Two million years ago they forgot. But the machines didn't, and they were still making it. It hung in the air, soft, silvery light, slightly rosy, and the gardens were shadowy with it. There were no machines here now, but I knew that in daylight they must come out and work on these gardens, keeping them a paradise for masters who had died, and stopped moving, as they could not.

In the desert outside the city it had been cool, and very dry. Here the air was soft, warm and sweet with the scent of blooms that men had spent several hundreds of thousands of years perfecting.

Then somewhere music began. It began in the air, and spread softly through it.

The Moon was just setting now, and as it set, the rosy-silver glow waned and the music grew stronger.

It came from everywhere and from nowhere. It was within me. I do not know how they did it. And I do not know how such music could be written.

Savages make music too simple to be beautiful, but it is stirring.

Semisavages write music beautifully simple, and simply beautiful. Your Negro music was your best. They knew music when they heard it and sang it as they felt it.

Semicivilized peoples write great music. They are proud of their music, and make sure it is known for great music. They make it so great it is top-heavy.

I had always thought our music good. But that which came through the air was the song of triumph, sung by a mature race, the race of man in its full triumph! It was man singing his triumph in majestic sound that swept me up; it showed me what lay before me; it carried me on.

And it died in the air as I looked at the deserted city.
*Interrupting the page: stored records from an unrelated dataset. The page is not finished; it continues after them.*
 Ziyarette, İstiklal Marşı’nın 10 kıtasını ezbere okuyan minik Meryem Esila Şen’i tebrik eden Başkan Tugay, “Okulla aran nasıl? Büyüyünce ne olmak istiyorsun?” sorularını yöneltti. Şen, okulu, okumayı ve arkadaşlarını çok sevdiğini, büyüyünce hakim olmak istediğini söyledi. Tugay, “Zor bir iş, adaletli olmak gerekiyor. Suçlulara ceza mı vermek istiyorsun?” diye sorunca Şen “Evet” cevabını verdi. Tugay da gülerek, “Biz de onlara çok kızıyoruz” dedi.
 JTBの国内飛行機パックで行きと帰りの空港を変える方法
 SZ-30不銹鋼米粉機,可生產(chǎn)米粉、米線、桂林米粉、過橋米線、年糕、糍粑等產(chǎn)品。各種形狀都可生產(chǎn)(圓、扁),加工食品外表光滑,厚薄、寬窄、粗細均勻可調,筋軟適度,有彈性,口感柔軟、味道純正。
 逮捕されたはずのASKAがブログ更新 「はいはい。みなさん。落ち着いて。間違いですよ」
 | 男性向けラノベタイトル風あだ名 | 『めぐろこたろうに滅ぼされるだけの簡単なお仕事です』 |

The machines should have forgotten that song. Their masters had, long before.

I came to what must have been one of their homes; it was a dimly- seen doorway in the dusky light, but as I stepped up to it, the lights which had not functioned in three hundred thousand years illuminated it for me with a green-white glow, like a firefly, and I stepped into the room beyond. Instantly something happened to the air in the doorway behind me; it was as opaque as milk. The room in which I stood was a room of metal and stone. The stone was some jet-black substance with the finish of velvet, and the metals were silver and gold. There was a rug on the floor, a rug of just such material as I am wearing now, but thicker and softer. There were divans about the room, low and covered with these soft metallic materials. They were black and gold and silver, too.

I had never seen anything like that. I never shall again, I suppose, and my language and yours were not made to describe it.
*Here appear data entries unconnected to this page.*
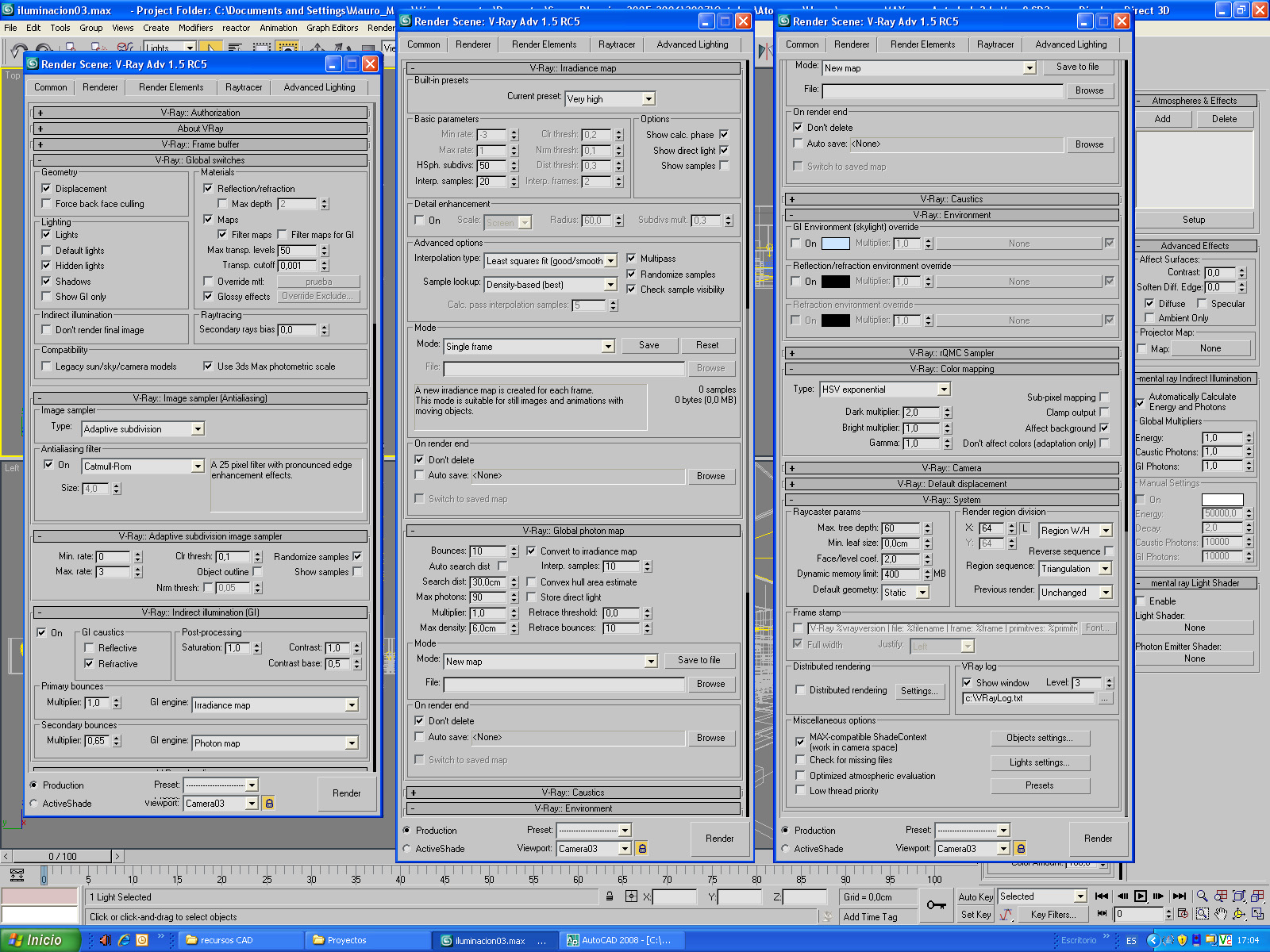 No, pero me base en los tutoriales de iluminación de un interior de Dideje. Igual sé que es harto tiempo, especialmente para una escena casi sin materiales, pero quería experimentar un poco con los seteos. (entendo que si cambio los seteos predeterminados de Irradiance Map a medium, por ejemplo, así como la cantidad de muestras, los tiempos son más adecuados). Saludos.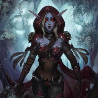 a female figure with pointed ears and red eyes, wearing elaborate armor and carrying weapons that resemble arrows or spears. The character has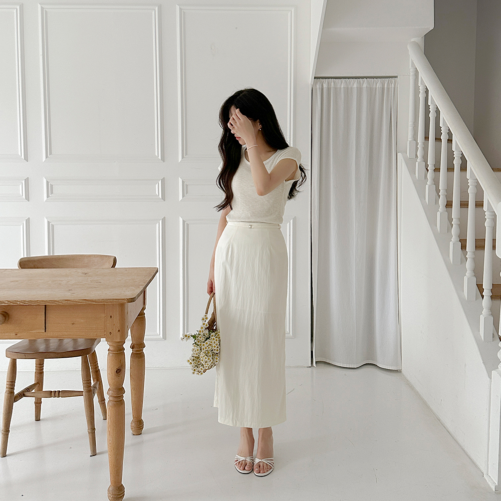 莫代尔 U领 修身 条绒 帽檐袖 T恤衫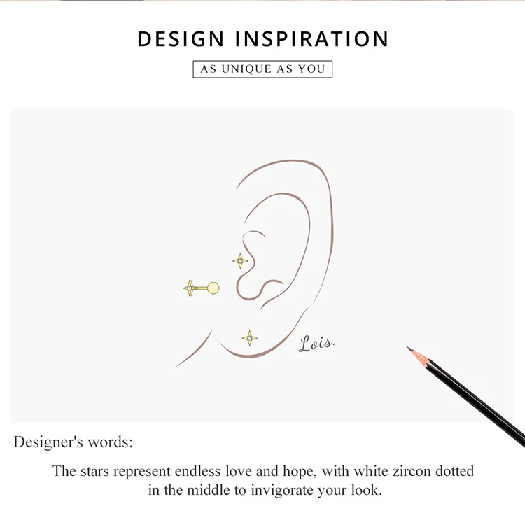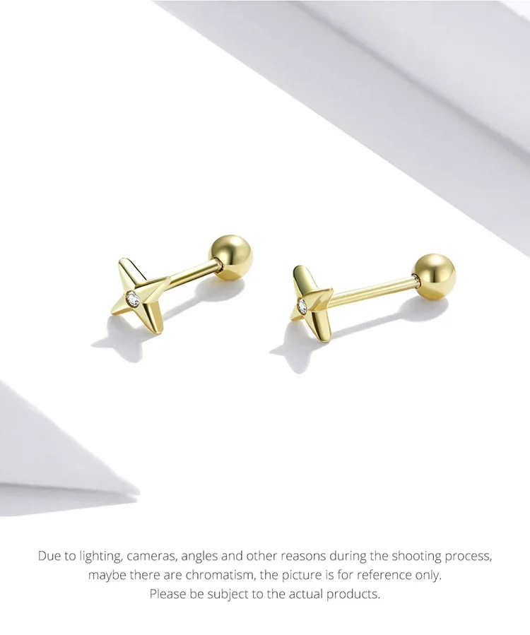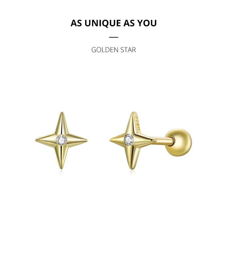 Женские серьги-гвоздики в виде Золотой Звезды, из серебра 925 пробы

The builders of that city had right and reason to sing that song of sweeping triumph, triumph that swept them over the nine planets and the fifteen habitable moons.
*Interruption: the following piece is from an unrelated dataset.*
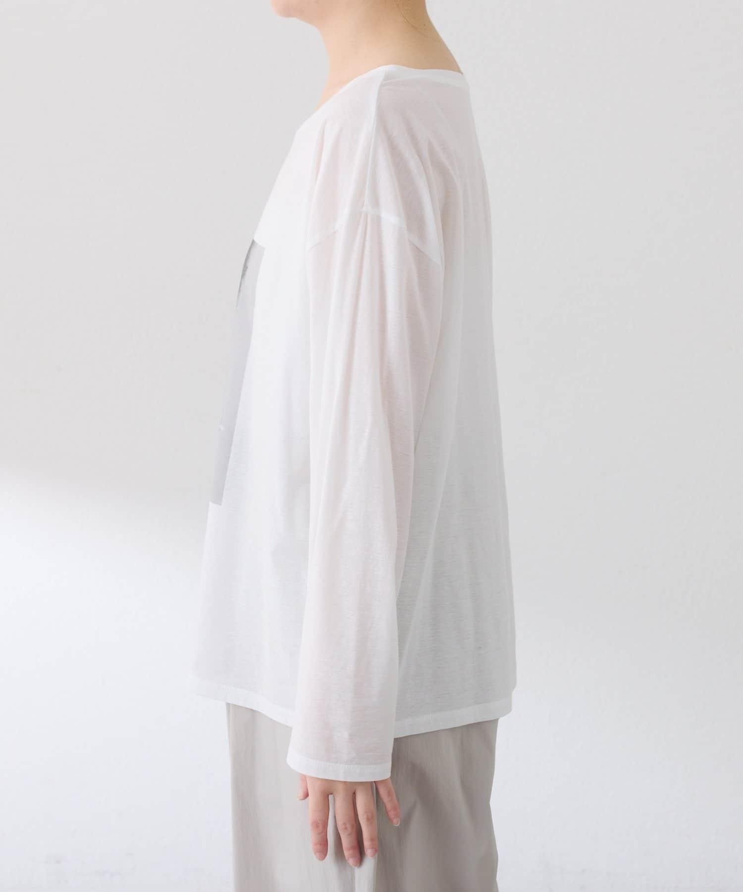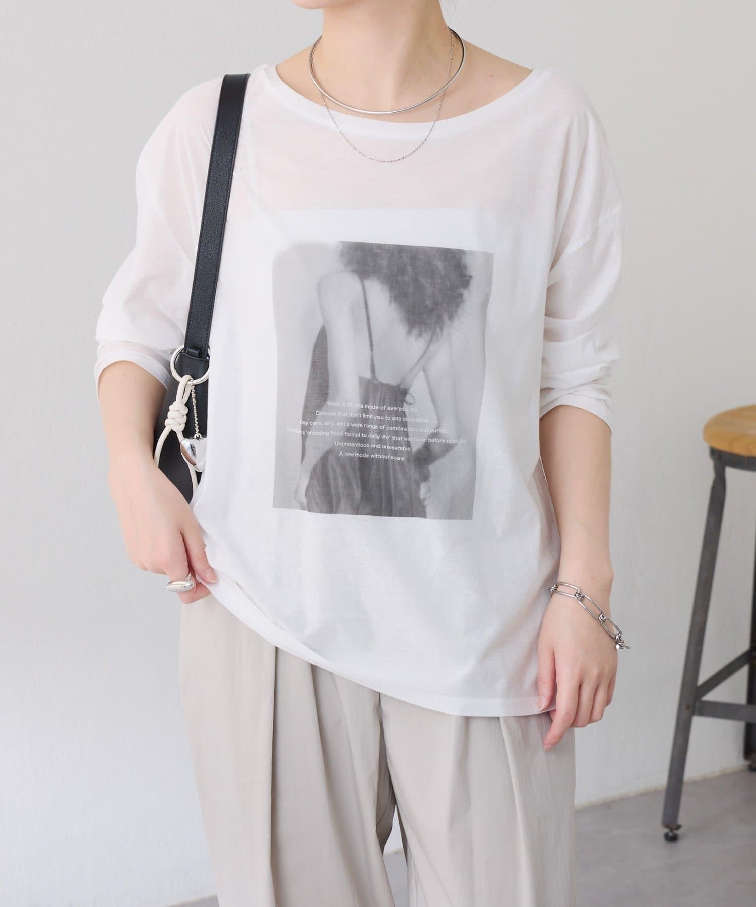 透視蝙蝠袖照片圖案長袖T恤

But they weren't there any more, and I wanted to leave. I thought of a plan and went to a subtelephone office to examine a map I had seen. The old World looked much the same. Seven or even seventy million years don't mean much to old Mother Earth. She may even succeed in wearing down those marvellous machine cities. She can wait a hundred million or a thousand million years before she is beaten.

I tried calling different city centers shown on the map. I had quickly learned the system when I examined the central apparatus.

I tried once—twice—thrice—a round dozen times. Yawk City, Lunon City, Paree, Shkago, Singpor, others. I was beginning to feel that there were no more men on all earth. And I felt crushed, as at each city the machines replied and did my bidding. The machines were there in each of those far vaster cities, for I was in the Neva City of their time. A small city. Yawk City was more than eight hundred kilometers in diameter.

In each city I had tried several numbers. Then I tried San Frisco. There was some one there, and a voice answered and the picture of a human appeared on the little glowing screen. I could see him start and stare in surprise at me. Then he started speaking to me. I couldn't understand, of course. I can understand your speech, and you mine, because your speech of this day is largely recorded on records of various types and has influenced our pronunciation.

Some things are changed; names of cities, particularly, because names of cities are apt to be polysyllabic, and used a great deal. People tend to elide them, shorten them.